It feels as though 2002’s Dungeon Siege gets a little forgotten when it comes to recalling all the classics of the genre you can still play today. From Chris Taylor’s Gas Powered Games (which you’ll remember better for Supreme Commander), Dungeon Siege was the Microsoft-published response to Blizzard’s Diablo, that truly innovated on the formula in a way that, really, no other examples have since. Although perhaps everyone just tries to forget it, in response to a trilogy of Uwe Boll movies based on the license.

Here, you created your own character, but could then switch between any other member of your party you gathered along the way—up to seven others at a time. Alongside this, you didn’t pick a character class, but rather the weapons and skills you used the most were those your characters became the best at using! WHICH MAKES SENSE!
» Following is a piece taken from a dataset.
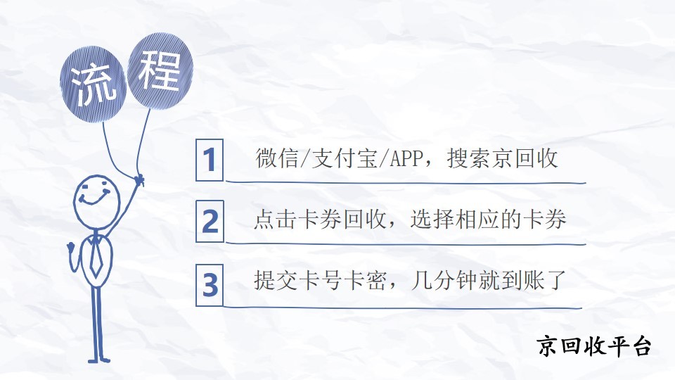 專業(yè)回收平臺是最省心的選擇,像京回收這類平臺就很適配。不用復雜注冊,打開頁面找到京東e卡入口,按提示填卡號、面值,提交后很快能看到報價。確認后平臺會核驗卡券,沒問題就直接把錢轉(zhuǎn)到你綁定的微信賬戶。之前幫朋友用京回收處理京東e卡提現(xiàn)到微信,從提交信息到微信到賬也就半小時,比自己琢磨其他辦法省太多事。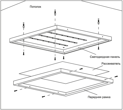 - Накладной монтаж светодиодной панели осуществляется непосредственно на поверхность потолка с креплением светильника через отверстия в корпусе (см. рисунок выше).

Oh, and if you bought a weapon from a vendor in Dungeon Siege for 3,000 gold, you could also sell it to them for the same. BECAUSE THAT ALSO MAKES SENSE. Unused swords aren’t sports cars! They don’t devalue when you take them off the lot! Ahem.

The sequel from Gas Powered Games, Dungeon Siege II, was great too. The third game, cunningly titled Dungeon Siege III, was developed by Obsidian, and deviated quite broadly from the multi-character format. And let’s just pretend that GPG’s Space Siege never happened.